Archive

Posts Tagged ‘Poison’

The Operators and Monoids of CHP

November 20, 2009 7 comments

When we create binary operators, in mathematics or in programming, they often have certain common identifiable properties:

  • If you can re-order the arguments, e.g. 1 + 2 is the same as 2 + 1, we say that it is commutative — in contrast, division is not commutative.
  • If you have two applications of the operator and the order of evaluation/bracketing doesn’t matter, e.g. (1 + 2) + 3 is the same as 1 + (2 + 3), we say that it is associative — in contrast, subtraction is not associative.
  • If one particular operand always leaves the other side unchanged, we can say that this is the unit of an operator, e.g. 1 * x is the same as x, so 1 is the unit of multiplication.
  • If one particular operand always ignores/overrides the other, we can say that this is the zero of an operator, e.g. 0 * x is the same as 0, so 0 is the zero of multiplication.
  • If an operator has a unit or zero that only works on one side of the operator, we name it accordingly. For example, we say that division has a right-unit of 1 (because x / 1 is the same as x), but it does not have a left-unit; there is no value k such that for all x, k / x is the same as x.

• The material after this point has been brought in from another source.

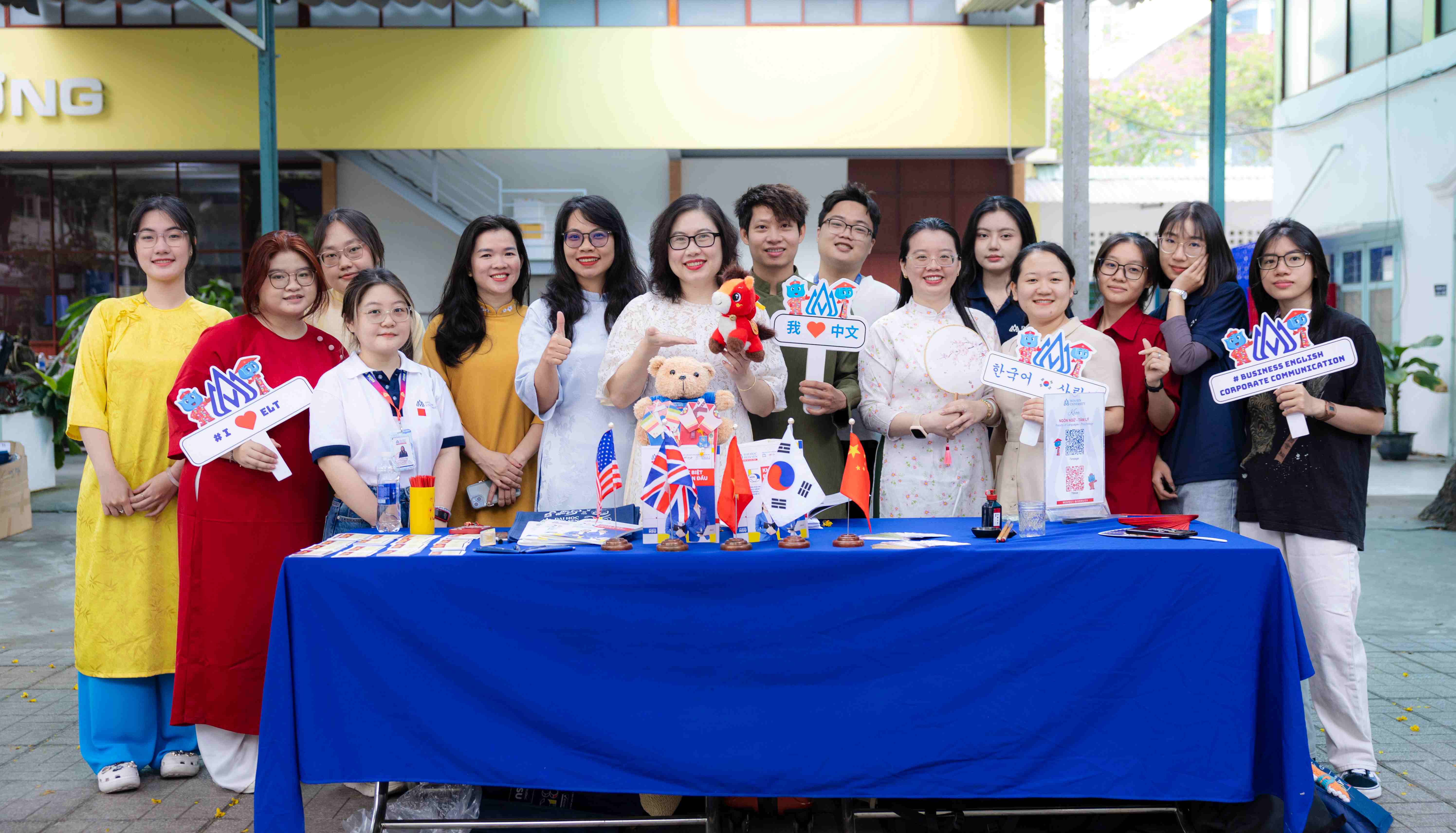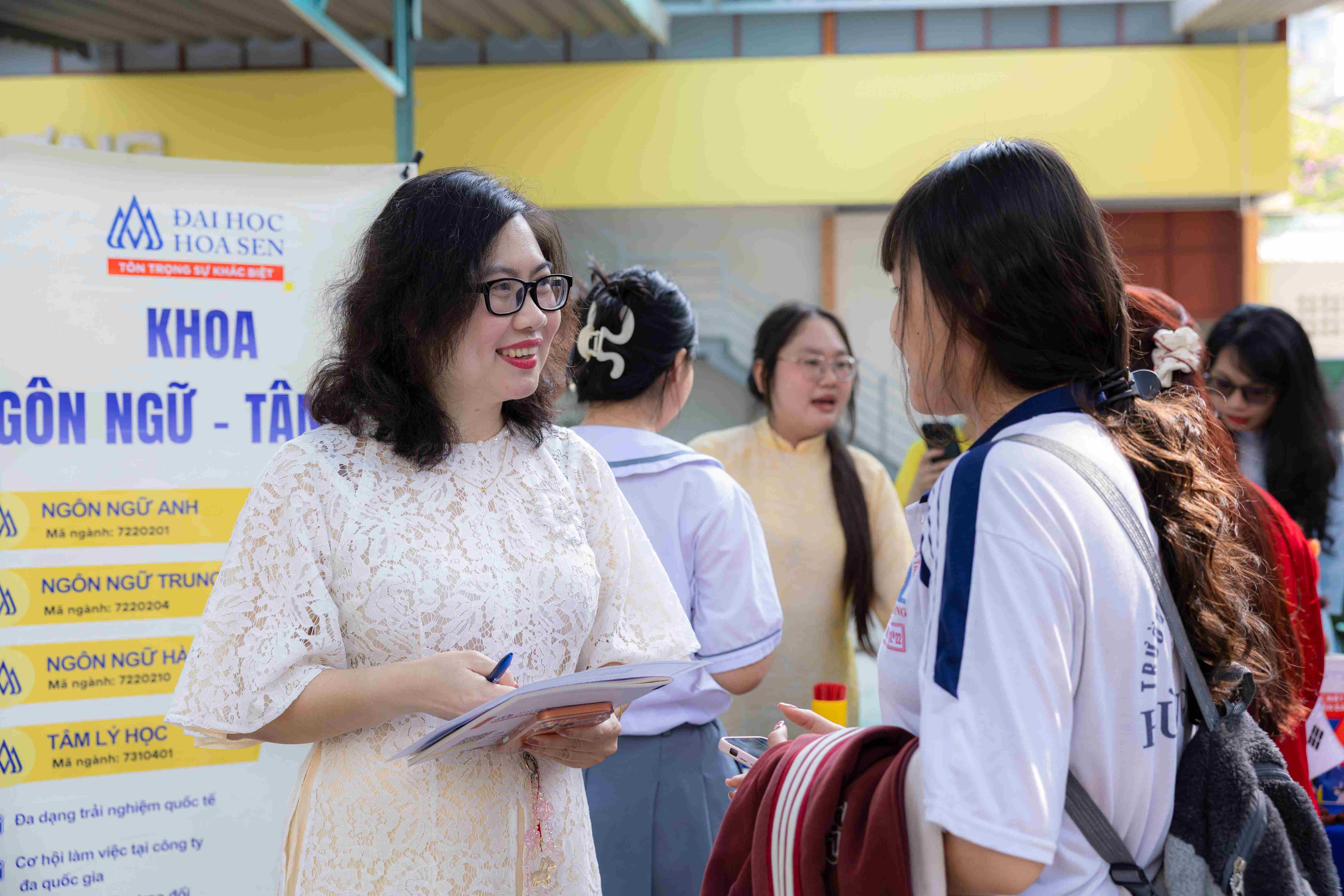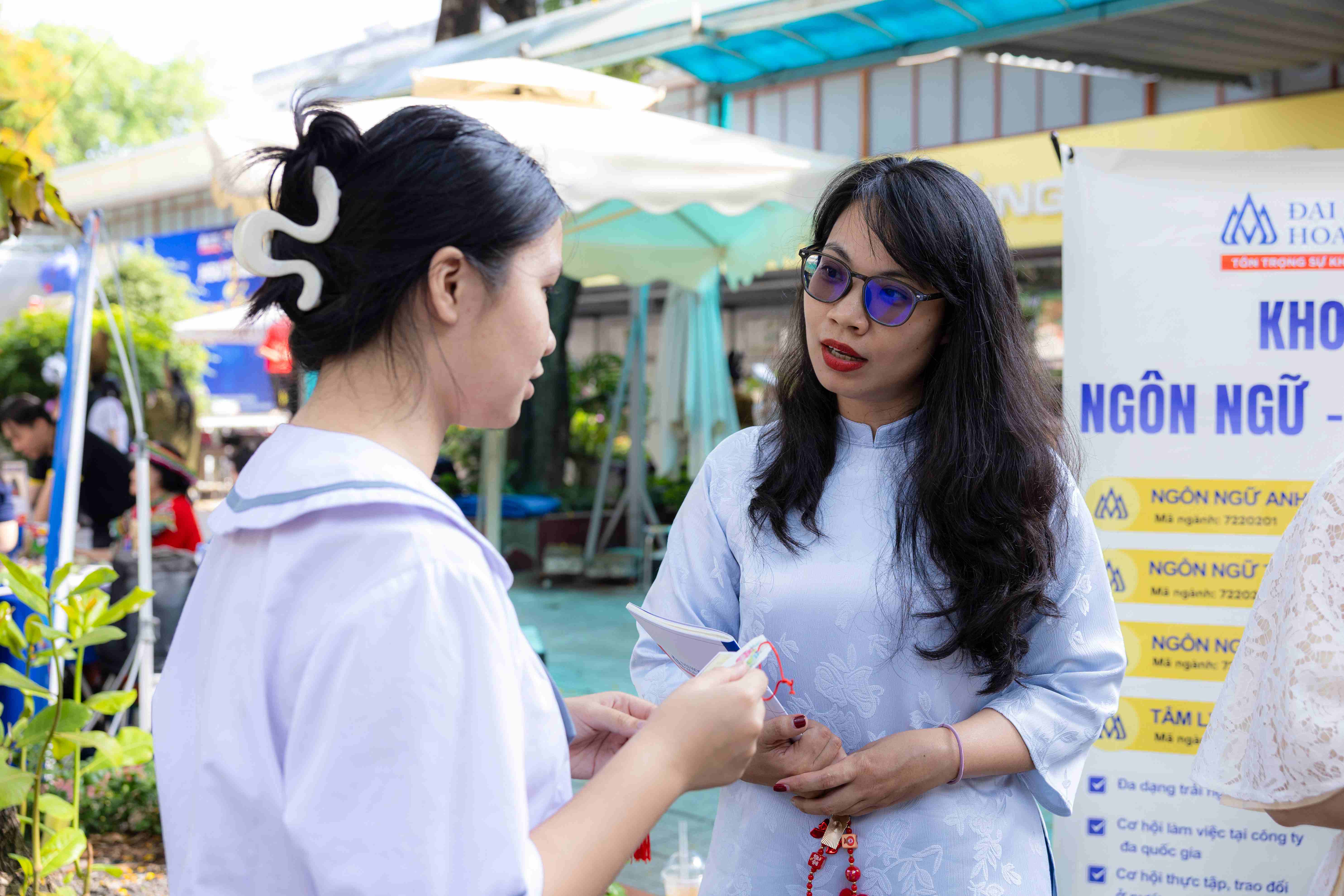 Ở khu vực gian hàng Khoa Ngôn ngữ – Tâm lý, học sinh được tham gia những trò chơi tương tác vui nhộn như thử phản xạ ngôn ngữ, ném phi tiêu, gieo quẻ, tư vấn nghề nghiệp. Các hoạt động mang tính kết nối giúp các em vừa thư giãn vừa khám phá những nét đặc trưng của lĩnh vực ngôn ngữ và tâm lý học. Không khí trò chuyện thân thiện khiến gian hàng luôn sôi động.

We can find these properties all over maths and programming. Set union is commutative, associative, and has a unit of the empty set, but no zero. The boolean AND operator is commutative, associative, has the unit “true” and the zero “false”. STM’s orElse combinator is associative, with the unit retry, and the left-zero of a return statement. Any operator that is associative and has a unit forms a monoid, which can be put into Haskell as an instance of the Monoid type-class (more on that below).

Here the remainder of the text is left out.